Peanut Butter, Anyone?
You have been given the responsibility to catch potential terrorists at an airport. You have complete control over developing procedures to screen passengers and weed out the terrorists as they try to sneak through your security. The burden that has been placed on your shoulders is immense. If a terrorist gets through lives could be lost. If the terrorist incident is then linked to a particular country a war could ensue resulting in the deaths of thousands. Travelers are counting on you to protect their safety as are your fellow citizens and your country. As you consider what kind of screening process to develop, you can be sure of one thing; whatever process you come up with, it will be flawed and will result in errors – guaranteed.
You are a sixteen year old girl who is scared to death that you might be pregnant. You attended a party at a friend’s house and while you had no intention of disappearing with that boy, the hormones were surging and things got out of hand. A few weeks later you confide your fears in your best friend, she goes down to the local drug store, summons up the courage, and buys you a pregnancy test. You take the pregnancy test into the bathroom and follow the instructions. You feel that your whole future hangs in the balance, depending on how the test results come out. There is one thing that you may not know, the test on which you feel your future depends upon is not 100% accurate and if you are nervous as you take the test and do not follow the procedures exactly, a percentage of the time the test will tell you that you are not pregnant when in fact you might be, or it may tell you that you are pregnant when in reality you are not. One such home pregnancy test in 2004 was found to be in error 30% of the time.

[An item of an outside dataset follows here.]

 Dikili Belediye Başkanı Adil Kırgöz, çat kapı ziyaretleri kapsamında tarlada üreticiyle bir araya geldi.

You are a 50-year old male and you religiously monitor your health, having an annual medical checkup. During your most recent annual medical checkup the doctor notices some symptoms, weight loss, pain in the upper abdomen, jaundice, dark urine, some blood clots. These are all symptoms of a potentially lethal cancer which kills the vast majority of those afflicted, or they could be symptoms totally unrelated to cancer. The doctor orders more extensive tests, trying to reduce the potential for a misdiagnosis and you begin to think of your wife and children and what the future might hold for them. The additional tests come back positive, you are found to have cancer, a cancer that you have likely had for a few years. Why wasn’t it detected during an earlier physical? There is no reliable test, one with an acceptable error rate, for that type of cancer in its early stages and it is usually only detected when it is quite advanced.

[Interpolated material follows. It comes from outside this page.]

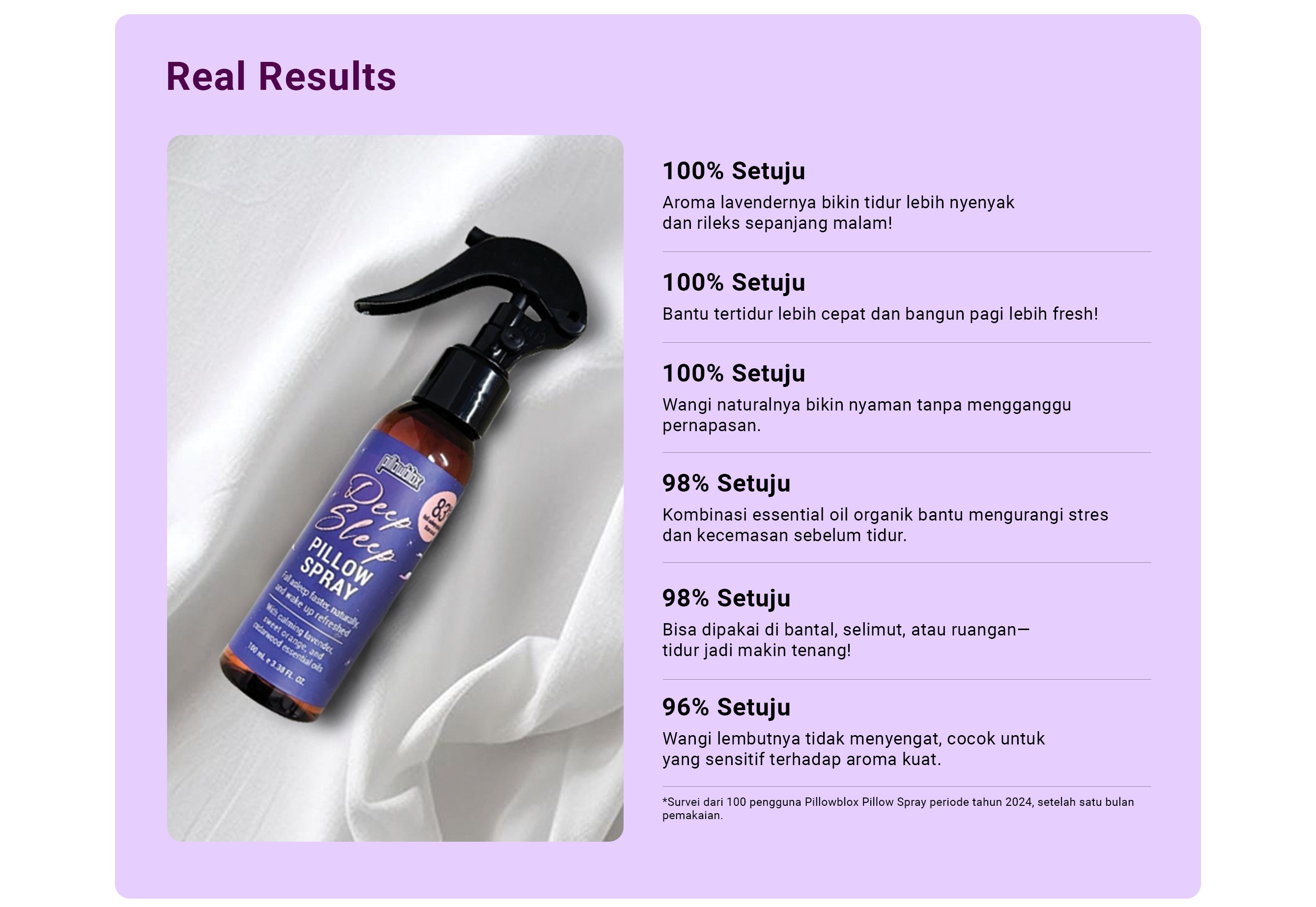š¤ Semprotkan 5 menit sebelum tidur pada sarung bantal, selimut atau ruangan.

You are a quality control inspector at a peanut processing plant. Once an hour you draw a sample of peanut paste off the line to test it for any contamination. You take your sampled paste to your inspection room and one test you conduct is for salmonella. The results of this test are not available until the next day as the salmonella bacteria has to be cultured in the lab in order to be seen and the test successfully conducted. Today’s production batch sits in storage awaiting your confirmation that it is safe and can be shipped out. You are feeling some pressure from shipping who are awaiting your results. You may or may not know of the error rates that your screening tests typically have, but have been instructed that if your test comes back positive to re-run it to see if the positive findings happen again. While I don’t know the error rates of these tests myself, lets hypothetically say that if all procedures are correctly followed, with the culture allowed to grow at the right temperature for the right period of time, a test could hypothetically, say 10% of the time, report no contamination when there is contamination. If the test was run 10 times, by chance alone, one of those times a theoretically contaminated run of peanut paste will be given a clean bill of health. Said another way, if 10 samples from a contaminated production run were taken, with a 10% error rate, it would be normal for one of those tests to report no salmonella, even when it is actually present. If unscrupulous people wanted to use only that false report of no contamination and ignore the positive results, contaminated peanut paste could routinely enter the market. It is somewhat disturbing that a supplier of tests for salmonella uses words like “confidential” and “little training required” as selling points for their tests on their website. Customers of all types deserve and need to demand transparency and complete disclosure.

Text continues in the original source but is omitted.